特需による業績変動(2021.3期~2022.3期)に株式投資でどう対処するか?

好業績の要因

海運3社の業績は急拡大したのですが、これは、2020年のコロナ禍において、これまでと違った需要が高まったことにより、需要が多少盛り上がったというのが一因と考えられます。
例えば、在宅ワークが増えたことにより、家具に対する需要が一時的に増えるなどです。
また、港湾での船積み・荷降ろし作業が、コロナ禍により停滞して、物流が目詰まりを起こしたことにより、船舶の供給量が一時的に減少したと考えられます。
総合的に見て、物量は多少増加したが、物流の目詰まりにより、コンテナ運賃が急騰したことが好業績の主因でしょう。
つまり需要は大して増加していないのに価格だけが急騰したわけで、これが長期間継続するとは考えられません。

一時的に価格が高騰することで

日本郵船の利益貢献は、主としてコンテナ船

日本郵船の経常損益のうち、約6割がコンテナ船に関連する利益です。
コンテナ船の利益は、コンテナ運賃の影響を大きく受けます。

不定期船、ドライバルク船は、利益の1割強です。
ドライバルク船の利益は、バルチック海運指数の影響を大きく受けます。

 

コンテナ運賃に連動するように株価が上昇していきました。
コンテナ運賃の上昇は、そのまま会社の業績に直結するため、業績に連動するように株価が上昇していった、ともいえると思います。

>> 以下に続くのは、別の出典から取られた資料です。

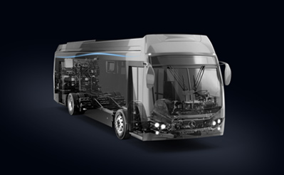 Para recarregar os veículos na garagem ou no terminal, as modernas células de liga de níquel-manganês-cobalto (NMC) utilizadas pela Mercedes-Benz são apropriadas para uma rápida recarga de até 03 horas. Podendo ser equipado com três a seis pacotes de bateria onde podem ser integrados e distribuídos pelo teto e pela traseira do eO500U. Cada pacote de bateria é composto por 9 módulos e cada módulo é composto por 600 células. A capacidade nominal de cada pacote de bateria é de 98 kWh, gerando um total de 588 kWh na configuração máxima de 6 pacotes.
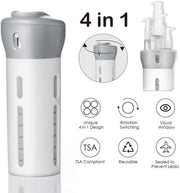 reusable travel shampoo bottle in one convenient case.and has unique 4-In-1 design. With 4 refillable travel bottles in one case that is easy to store and carry anywhere.
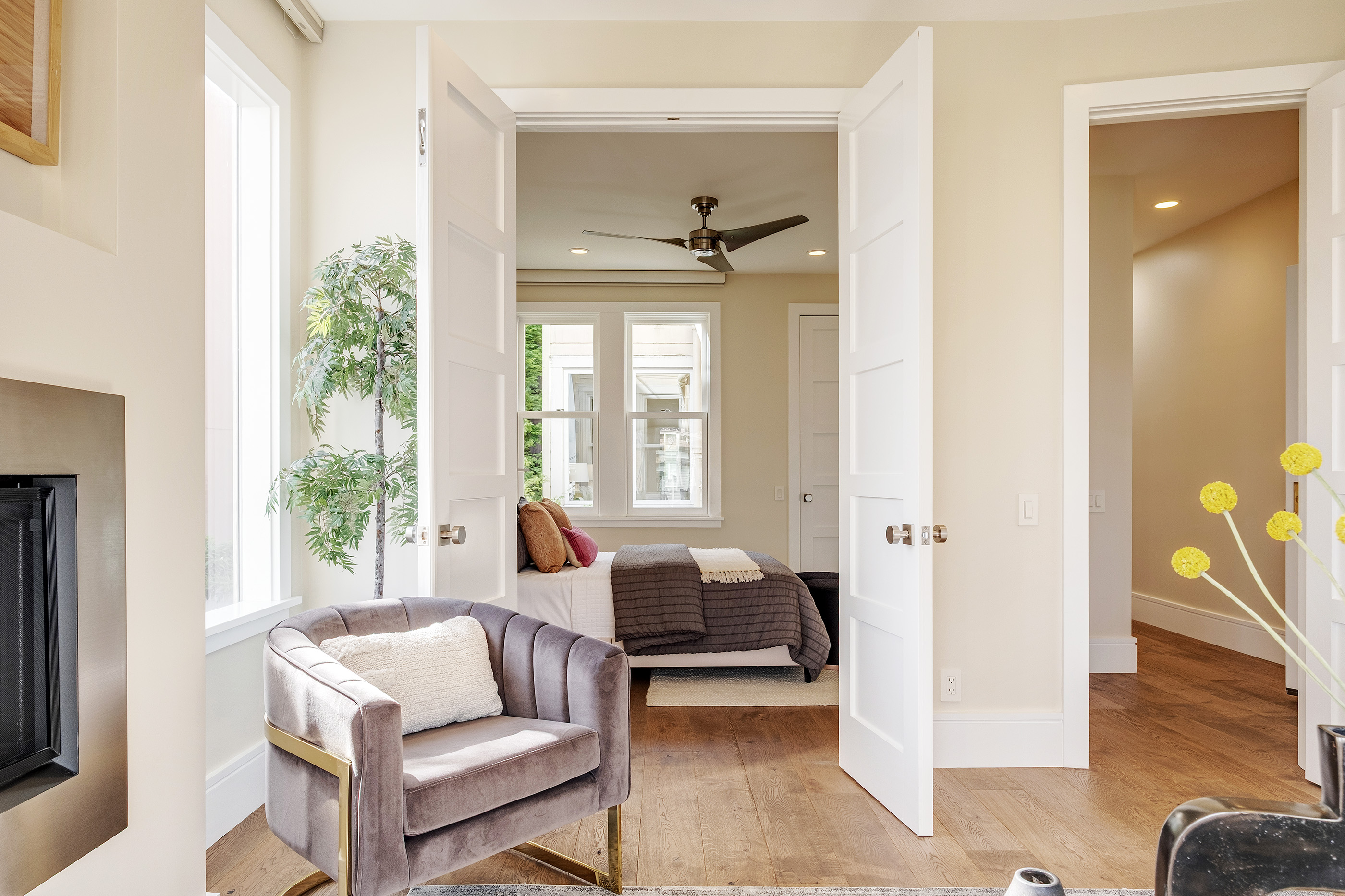 Second bedroom-- separated by a giant barn-style door making both spaces very flexible
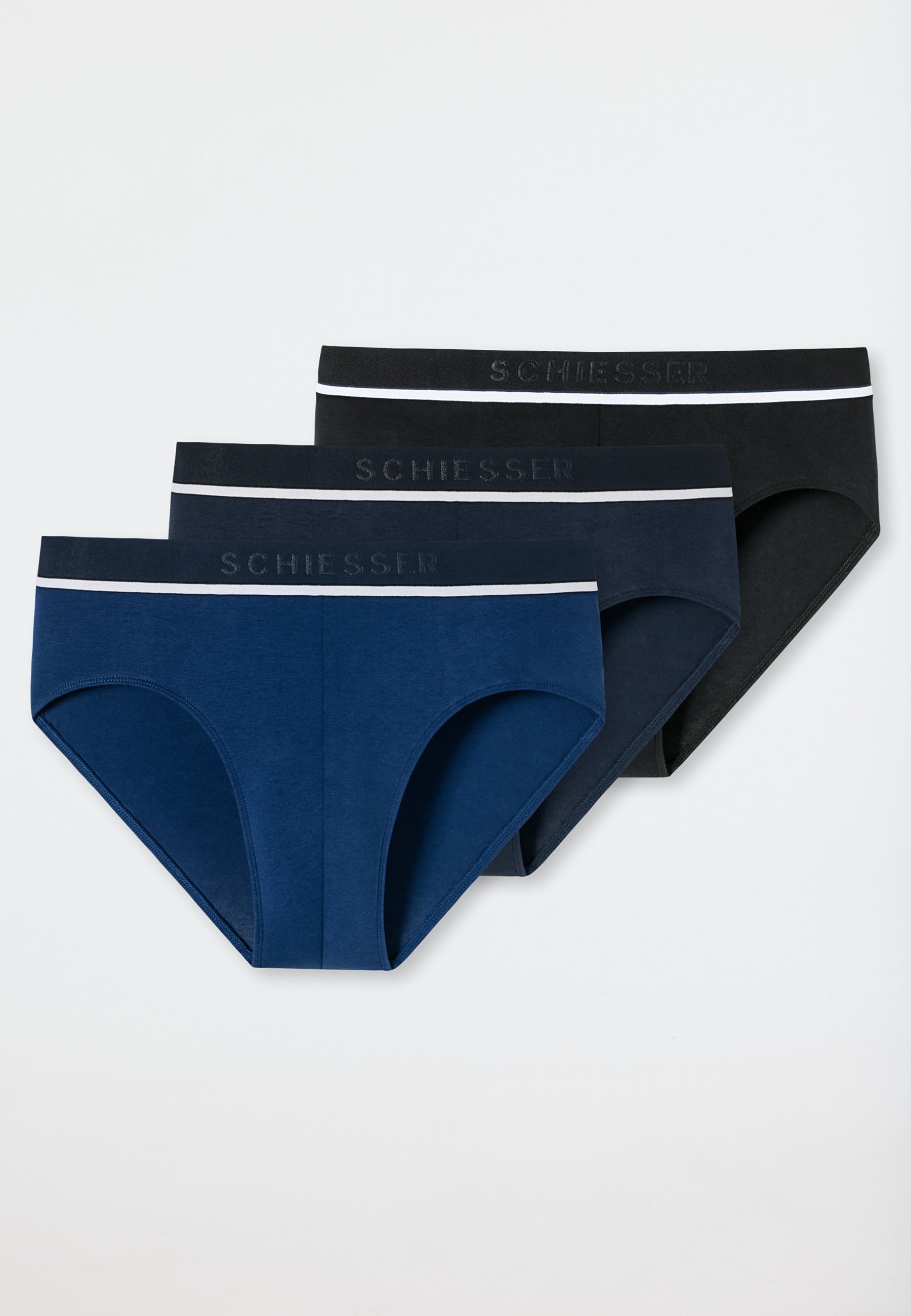 Confezione da 3 Slip da uomo della storica linea 95/5 della Schiesser. Realizzati in un morbido e comodo cotone elasticizzato, garantiscono un confort unico. L'elastico in vita parlato, oltre a dare un tocco di stile, garantisce la massima tenuta e comodità. Inoltre, grazie al cotone organico sostenibile testato nei laboratori Schiesser, questi slip hanno una durata unica anche dopo molti lavaggi
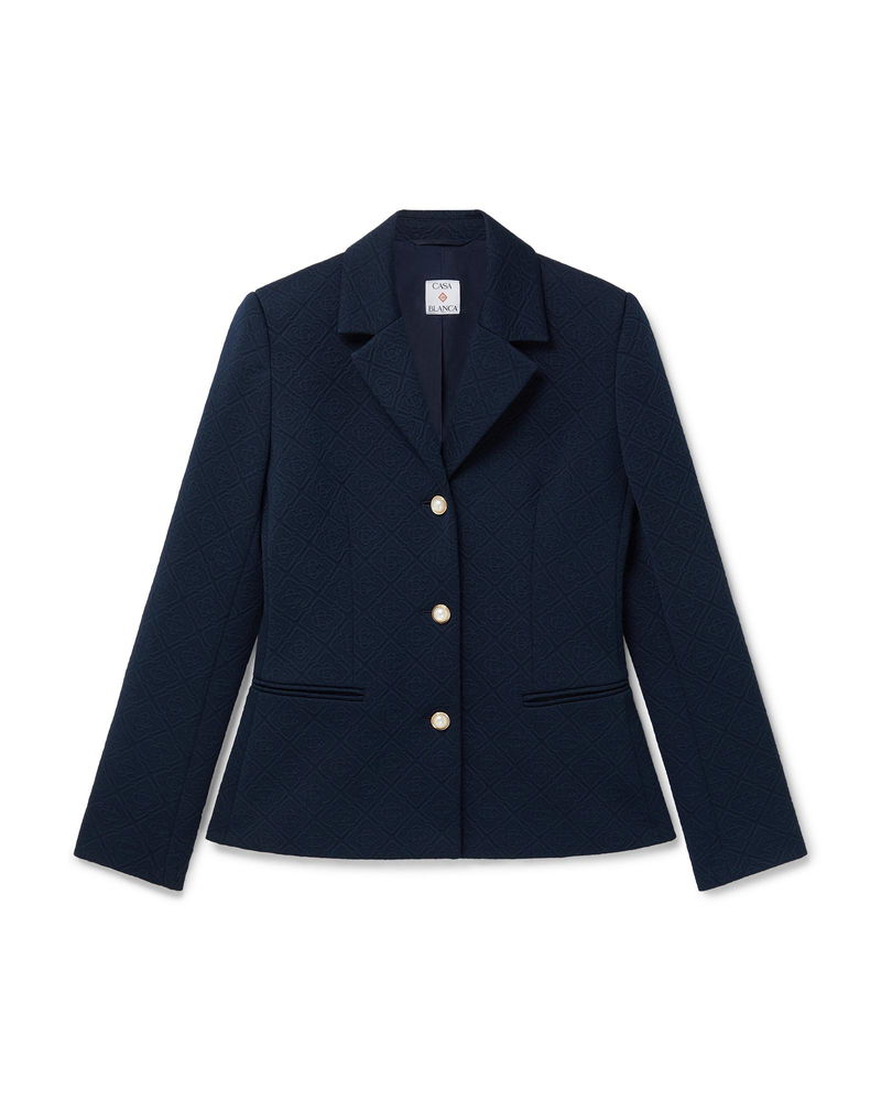 The jacquard knit single-breasted jacket is a classic tailored jacket crafted from a jacquard knit fabric featuring the house's signature diamond monogram. This jacket is completed with button closure, signature gold rim pearl buttons, front pockets, ribbed waist details.
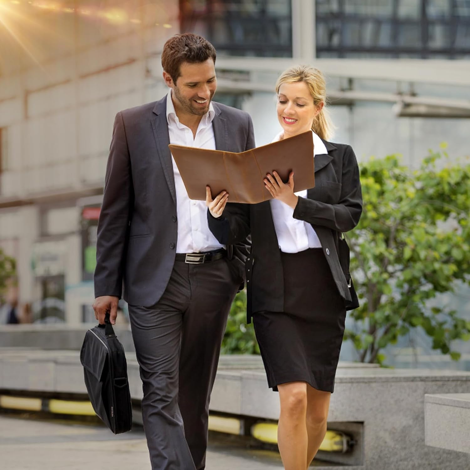 - ✔Never fumbling around again: With our professional leather portfolio, you may organize the letters, envelopes, the loose pages, the legal pad, important documents,business portfolio, papers, print-outs, sheet, leaflets, business credit cards, photos & all sorts of other paper stuff easily. Just click "Add to Cart" button to get this fantastic business padfolio right now, and you will wave your hand to work clutter.
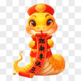 卡通3D蛇年可爱蛇IP形象拿着卷轴免抠元素

コンテナ運賃については、次の情報源を参考にしています。
・公益財団法人日本海事センターの「海上荷動きの動向」
 (公財)日本海事センターは、日本海事財団(1964年設立)、財団法人日本海運振興会(1964年設立)、財団法人海事産業研究所(1966年設立)の3団体の事業を承継し、もしくは法人を統合する形で2007年に設立された財団法人日本海事センターが、2011年に公益財団法人に移行したものです。
 東京都千代田区麹町に本部があります。国土交通省と関係が深いと考えられます。

 

 

価格高騰による好業績の例

価格高騰は、古くはチューリップバブル。日本においては不動産バブル。最近では黒鉛電極価格の高騰などがあり、様々な国・分野で発生します。
それによって、一時的に好業績となる企業があります。

黒鉛電極価格の上昇に関していえば
・昭和電工
・東海カーボン
・日本カーボン
・SECカーボン
などの業績が急拡大し、株価も急上昇しました。


 

PER 1~2倍台について


PERは、利益に対して株価が割安かどうかを判断する指標のひとつです。
通常、10~20倍のレンジに収まることが多くなっています。
PERが低ければ割安、高ければ割高、と判定します。

特需を受けて海運3社のPERは1~2倍台となっており、一見、非常に割安に見えます。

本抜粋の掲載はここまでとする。